Your goal:
Look through the data below and output, unchanged, every line from the one holding "Die hiesige DG-Wohnung" through the one holding "5. УПОЗОРЕЊЕ: Овај", inclusive. Skip the pictures.

Listed entries:
↓↓↓

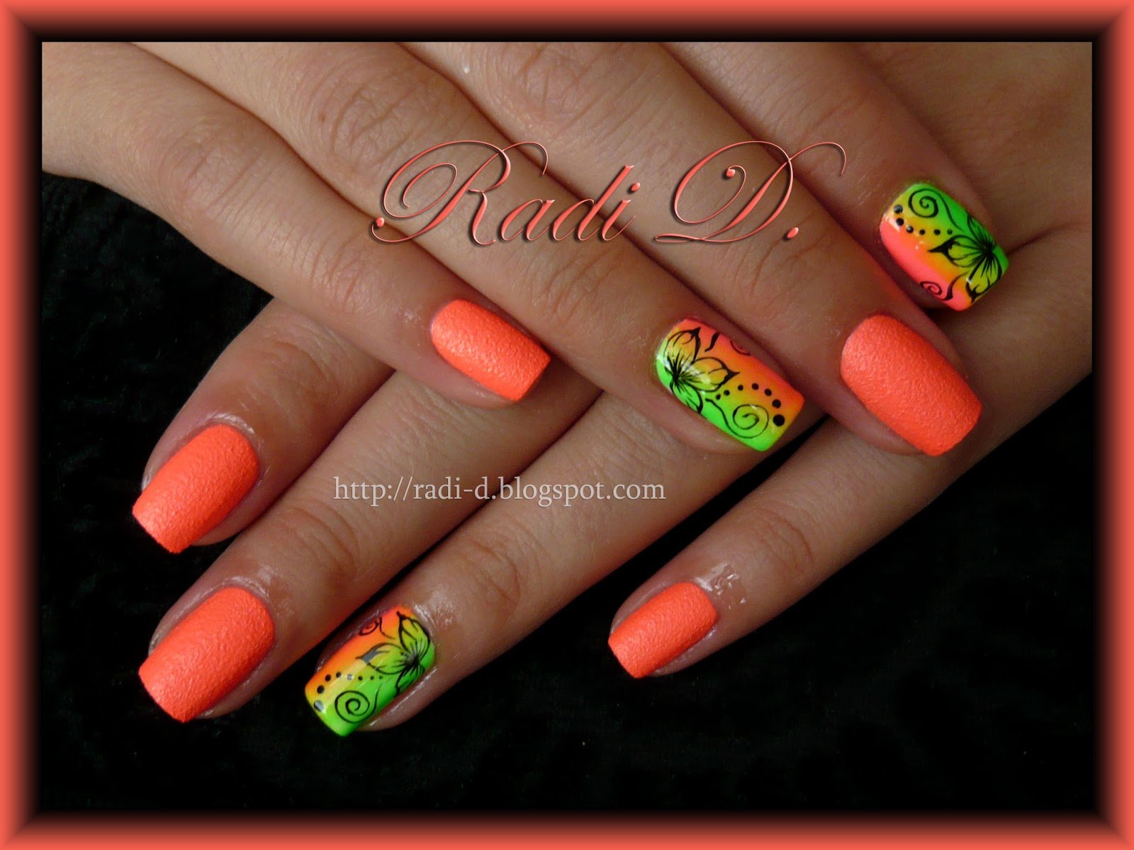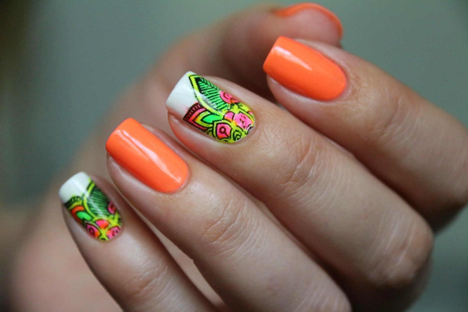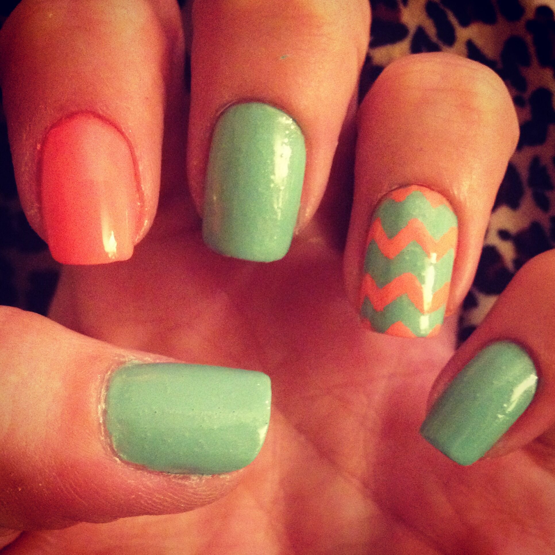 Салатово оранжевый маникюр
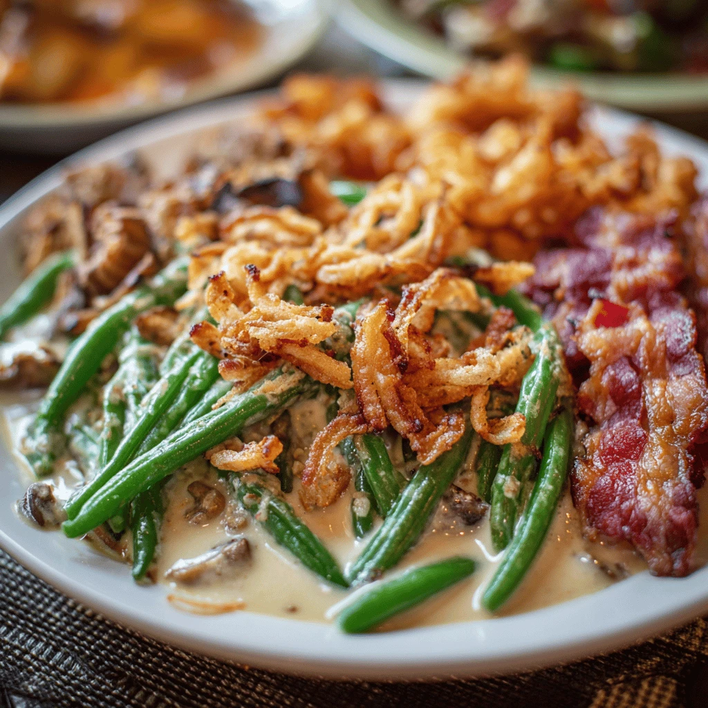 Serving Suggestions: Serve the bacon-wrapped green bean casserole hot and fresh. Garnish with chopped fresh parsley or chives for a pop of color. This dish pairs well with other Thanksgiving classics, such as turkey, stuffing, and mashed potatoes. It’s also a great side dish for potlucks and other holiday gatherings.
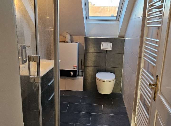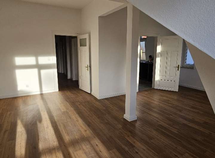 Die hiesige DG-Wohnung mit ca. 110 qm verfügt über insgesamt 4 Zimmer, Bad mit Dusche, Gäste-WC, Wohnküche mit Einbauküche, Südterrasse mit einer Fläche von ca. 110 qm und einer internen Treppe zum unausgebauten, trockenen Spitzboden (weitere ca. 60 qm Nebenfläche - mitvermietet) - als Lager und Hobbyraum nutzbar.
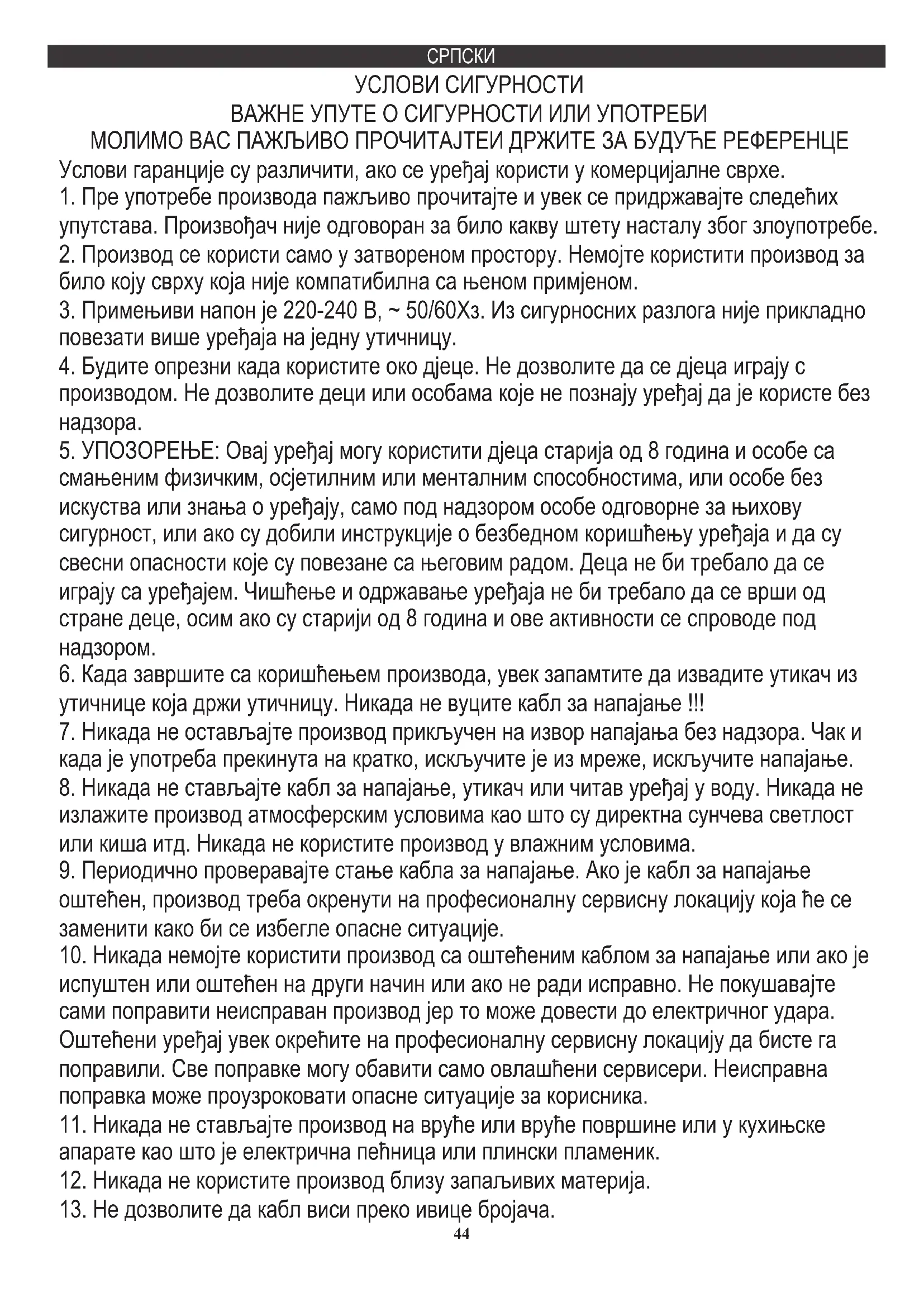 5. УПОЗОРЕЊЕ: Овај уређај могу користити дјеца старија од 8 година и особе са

↑↑↑
↓↓↓

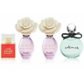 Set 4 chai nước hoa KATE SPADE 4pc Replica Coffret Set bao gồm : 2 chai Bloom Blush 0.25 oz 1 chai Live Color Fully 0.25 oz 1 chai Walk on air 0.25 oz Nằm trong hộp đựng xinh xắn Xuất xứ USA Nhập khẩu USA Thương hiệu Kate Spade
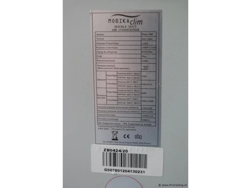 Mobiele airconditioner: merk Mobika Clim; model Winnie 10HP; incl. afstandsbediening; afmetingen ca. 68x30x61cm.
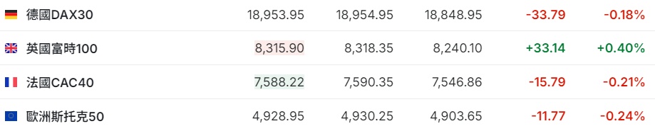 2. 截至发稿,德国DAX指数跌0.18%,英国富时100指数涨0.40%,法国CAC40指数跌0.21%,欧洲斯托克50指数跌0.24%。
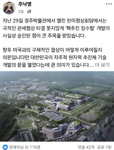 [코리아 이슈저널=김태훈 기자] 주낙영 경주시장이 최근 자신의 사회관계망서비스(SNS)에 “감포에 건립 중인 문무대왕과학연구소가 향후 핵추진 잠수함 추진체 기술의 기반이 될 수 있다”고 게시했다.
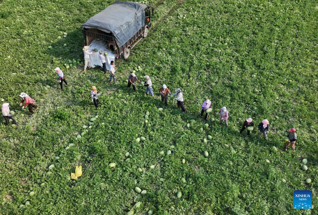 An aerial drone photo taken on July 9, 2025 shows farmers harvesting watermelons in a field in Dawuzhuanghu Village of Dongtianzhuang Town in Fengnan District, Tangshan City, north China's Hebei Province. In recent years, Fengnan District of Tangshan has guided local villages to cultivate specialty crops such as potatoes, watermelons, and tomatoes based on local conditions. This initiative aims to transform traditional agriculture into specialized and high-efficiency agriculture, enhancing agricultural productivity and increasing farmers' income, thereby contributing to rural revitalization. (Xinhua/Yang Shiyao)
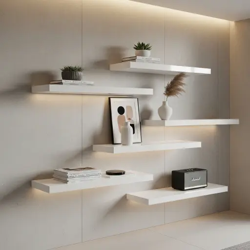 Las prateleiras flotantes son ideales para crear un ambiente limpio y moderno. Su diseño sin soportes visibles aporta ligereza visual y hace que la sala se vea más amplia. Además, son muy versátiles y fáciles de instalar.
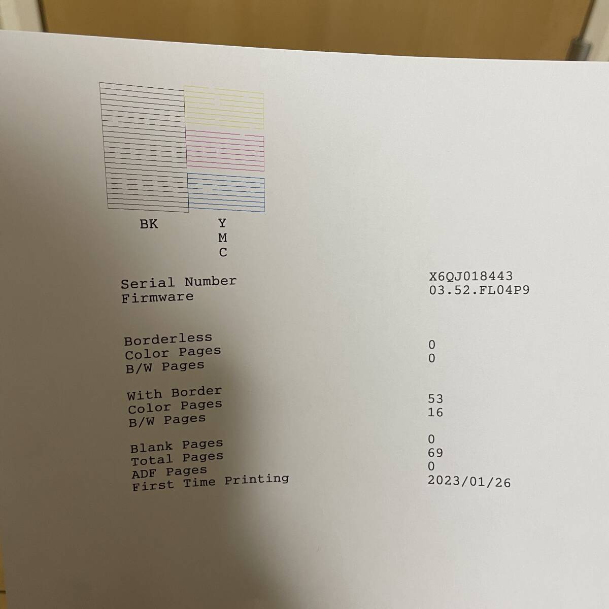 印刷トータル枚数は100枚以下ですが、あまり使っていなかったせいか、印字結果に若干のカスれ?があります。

↑↑↑

Result of this task:
 Die hiesige DG-Wohnung mit ca. 110 qm verfügt über insgesamt 4 Zimmer, Bad mit Dusche, Gäste-WC, Wohnküche mit Einbauküche, Südterrasse mit einer Fläche von ca. 110 qm und einer internen Treppe zum unausgebauten, trockenen Spitzboden (weitere ca. 60 qm Nebenfläche - mitvermietet) - als Lager und Hobbyraum nutzbar.
 5. УПОЗОРЕЊЕ: Овај уређај могу користити дјеца старија од 8 година и особе са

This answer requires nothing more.